Notably, inclusion of the 13 exempted Acts such as the Metro Railways Act, 1978; National Highways Act, 1956, Electricity Act, 2003; and the Railways Act, 1989, is being seen as a “strategic political decision” by the NDA to corner the Congress-ruled states, which had fought the NDA’s new Bill as “anti-farmer and anti-poor”.
In other words, if the states want to acquire land they would have to find ways to relax the law. “You will see how difficult it becomes to acquire even an inch of land now. It is over to states, including those ruled by the Congress, to manage their individual land acquisition needs .They have rejected cooperative federalism so let then try competitive federalism now,” a BJP leader commented.
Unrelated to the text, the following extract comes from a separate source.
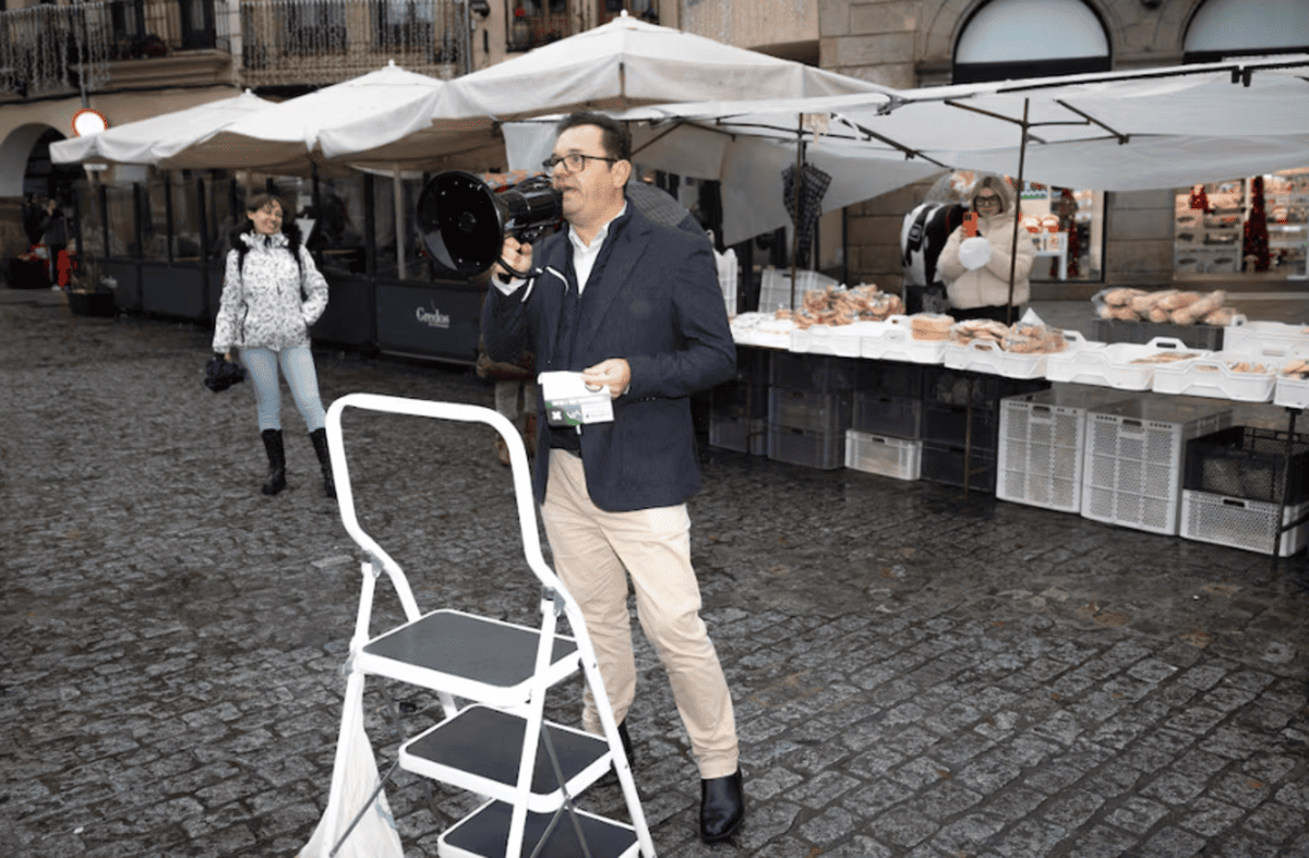 В центре Пласенсии (Plasencia) на фоне утренней суеты появляется Рауль Гонсалес (Raúl González) — человек с черными очками, мегафоном и белой лестницей. Его голос должен был разноситься по площади, но техника подвела: батарейки сели в самый неподходящий момент. Кандидат не растерялся, отправился за новыми, и вскоре вновь оказался в гуще событий, готовый обратиться к прохожим. Его цель — донести до жителей города идеи новой регионалистской коалиции, которая впервые участвует в выборах в Эстремадуре (Extremadura). Рауль не похож на типичного политика. Он не боится импровизировать, даже если для этого приходится устраивать мини-митинг прямо у овощного рынка, где по вторникам собираются местные жители. Его не смущает ни моросящий дождь, ни отсутствие разрешения на публичное выступление. Полиция проезжает мимо, не обращая внимания на происходящее. Люди останавливаются, слушают, кто-то улыбается, кто-то просто наблюдает издалека. Одна пожилая женщина с зонтом в горошек просит: «Пусть улицы п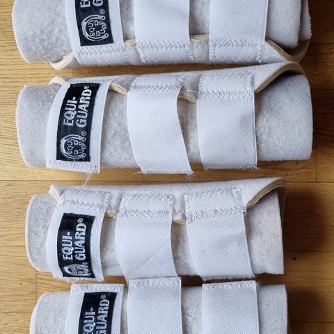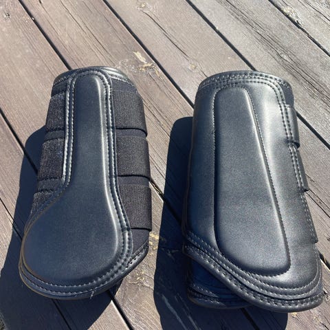 Senebeskyttere i merket Hunter. Lite brukt og ekte skinn. Det står størrelse 3 på de. Regner med dette tilsvarer str. full, da de ble kjøpt til en hest som brukte str. full til vanlig.

Meanwhile, terming the UPA’s law a “badly drafted legislation with a lot of ambiguities and obvious errors”, Jaitley accused the Congress of changing position on the land Bill after the Modi government brought an ordinance — the object of which was to give certain amount of “flexibility” to the states as “they know their requirements the best”. “A series of legitimate difficulties would arise once the Act (2013) is seriously implemented,” he said as he trashed Congress’ claim that the 2013 law provided for consent of the farmers before the land was acquired which was snatched away by the one drafted by the NDA government.